▶ **WORK REQUIRED**: From the first line to the last, write out the records exactly, leaving the pictures behind.

▶ **DATA EXCERPTS**:
---+---

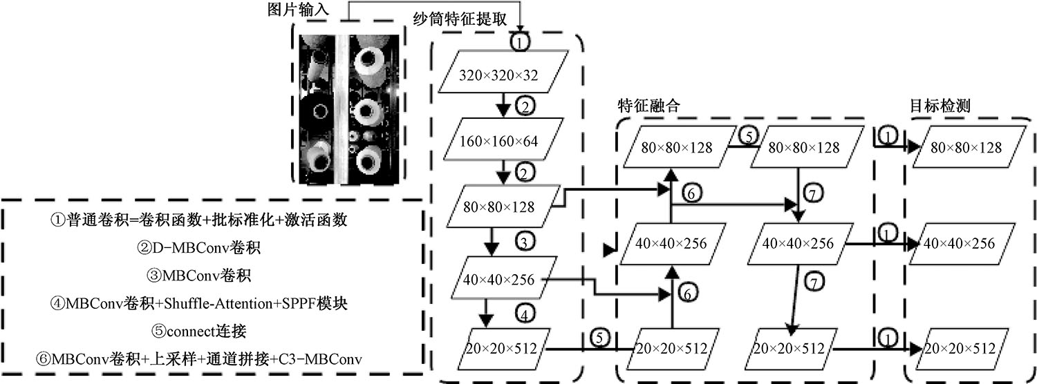 Key words: improved Yolov5 model, perspective transformation, mean shift, gradient descent method, spindle residual yarn quantity, circular lenitting machine
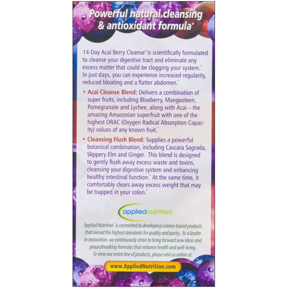 Buy Applied Nutrition 14 Day Acai Berry Cleanse Tablets 56 Count online from Cellsii.com. 14 Day Acai Berry Cleanse is scientifically formulated to cleanse your digestive tract and get rid of any excess matter that could be clogging your system. In just days, you can experience increased regularity, reduced bloating and a flatter abdomen.
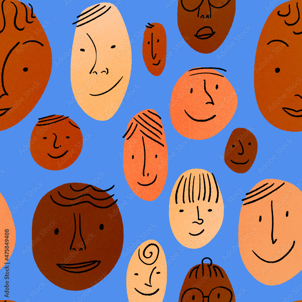 Pattern of multiple people faces Stock Illustration | Adobe Stock
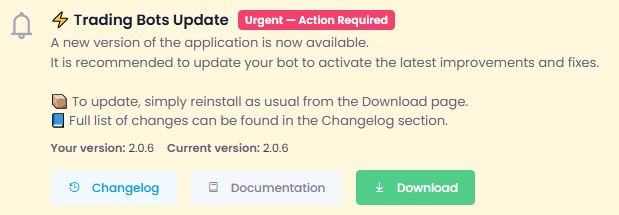 Desktop bot versions (Windows and Linux) are periodically updated with fixes, optimizations, and new features.
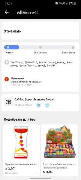 Продавец отправил мне номер отслеживания и через 2 недели отменить заказ. Я ничего не получил!
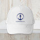 Casquette moderne sur le thème nautique avec une illustration bleu marine d'une ancre dans un cercle et le nom de votre bateau en simple typographie.
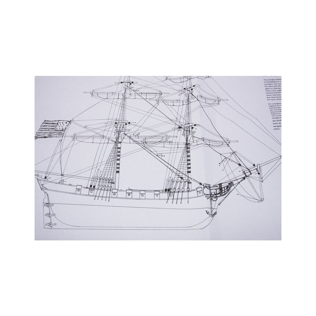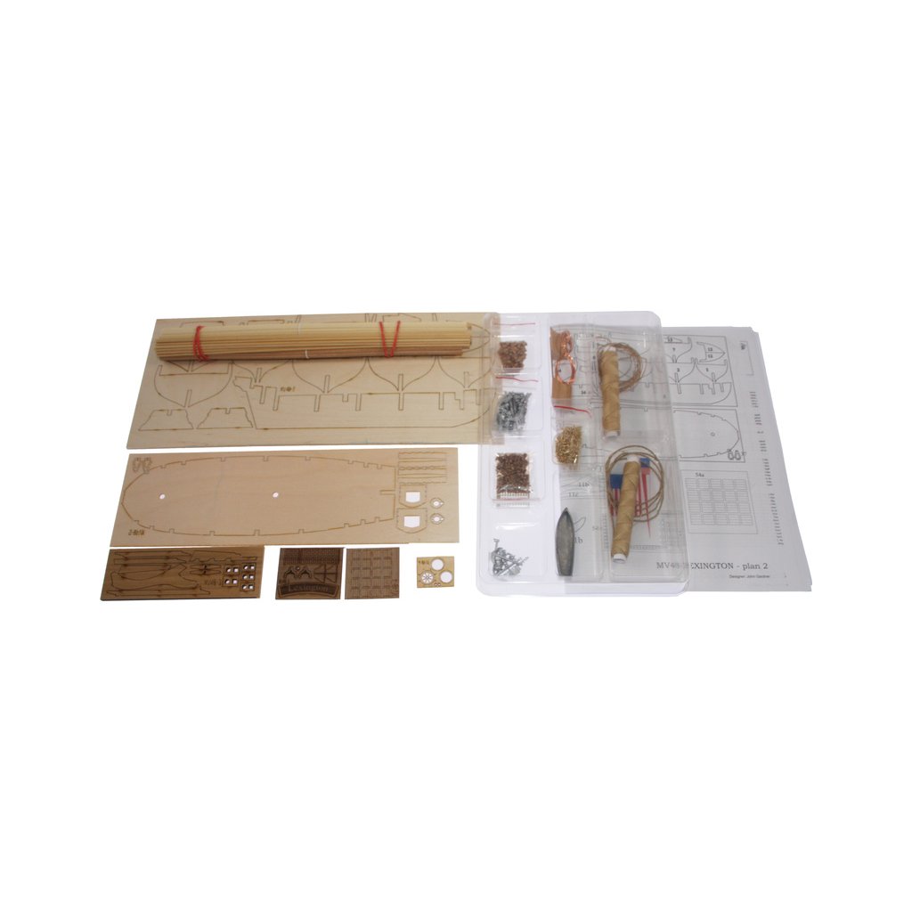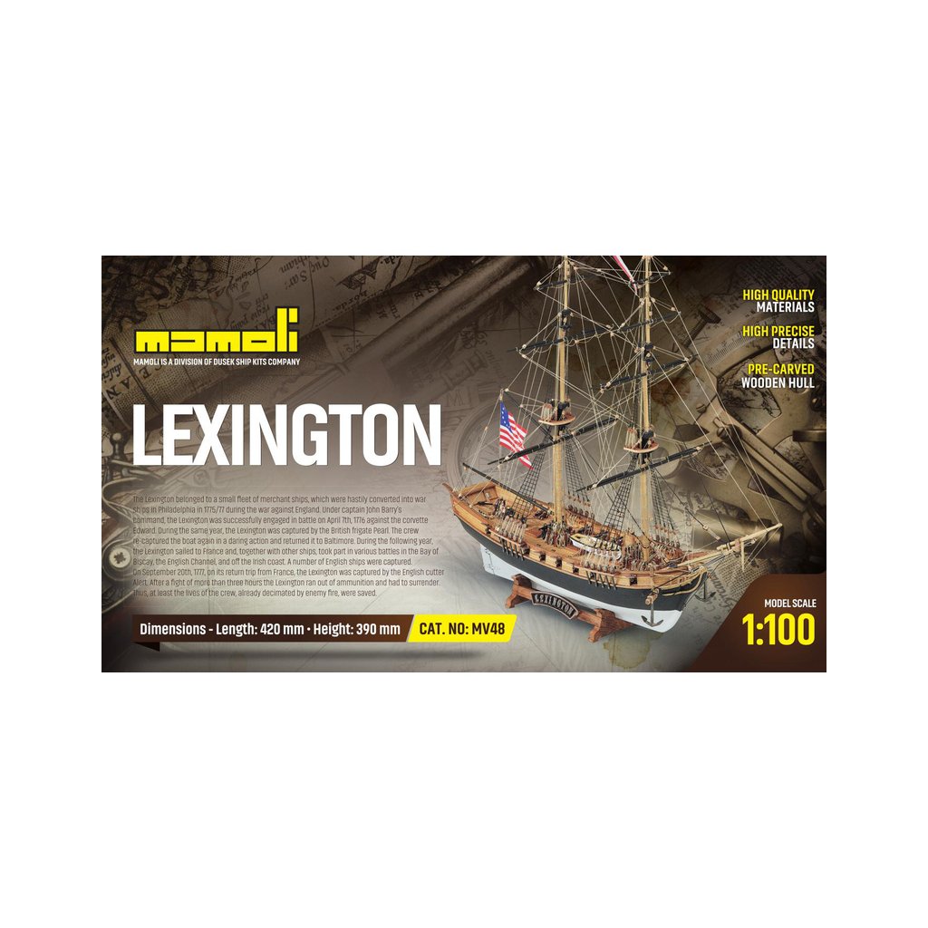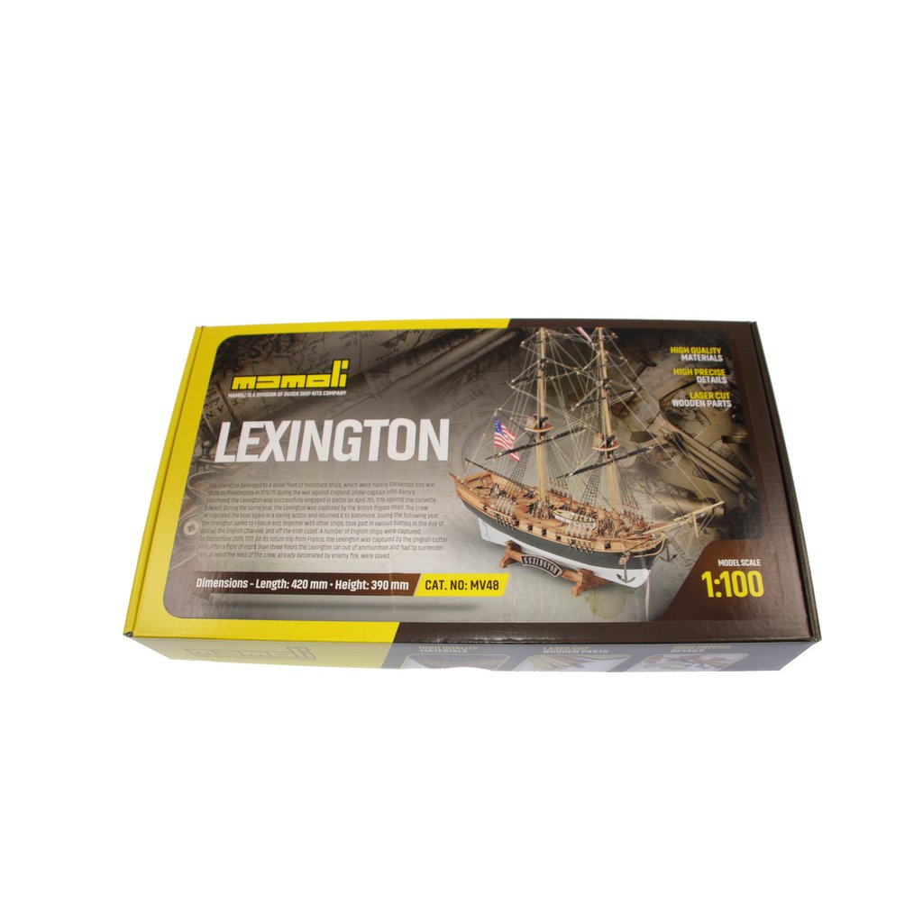 Stavebnice neplovoucího modelu MAMOLI Lexington v měřítku 1:100 z roku 1775. Loď patřila k lodím, které musely být přestavěny během války proti Anglii v roce 1775/77 ve Philadelphii, na válečné lodě. Lexington 7. dubna 1776 svedl vítěznou bitvu proti Corvetě Edward. V balení jsou dřevěné díly, lišty a množství kování, příslušenství, plány atd.

---+---

▶ **EXERCISE RESPONSE**:
 Key words: improved Yolov5 model, perspective transformation, mean shift, gradient descent method, spindle residual yarn quantity, circular lenitting machine
 Buy Applied Nutrition 14 Day Acai Berry Cleanse Tablets 56 Count online from Cellsii.com. 14 Day Acai Berry Cleanse is scientifically formulated to cleanse your digestive tract and get rid of any excess matter that could be clogging your system. In just days, you can experience increased regularity, reduced bloating and a flatter abdomen.
 Pattern of multiple people faces Stock Illustration | Adobe Stock
 Desktop bot versions (Windows and Linux) are periodically updated with fixes, optimizations, and new features.
 Продавец отправил мне номер отслеживания и через 2 недели отменить заказ. Я ничего не получил!
 Casquette moderne sur le thème nautique avec une illustration bleu marine d'une ancre dans un cercle et le nom de votre bateau en simple typographie.
 Stavebnice neplovoucího modelu MAMOLI Lexington v měřítku 1:100 z roku 1775. Loď patřila k lodím, které musely být přestavěny během války proti Anglii v roce 1775/77 ve Philadelphii, na válečné lodě. Lexington 7. dubna 1776 svedl vítěznou bitvu proti Corvetě Edward. V balení jsou dřevěné díly, lišty a množství kování, příslušenství, plány atd.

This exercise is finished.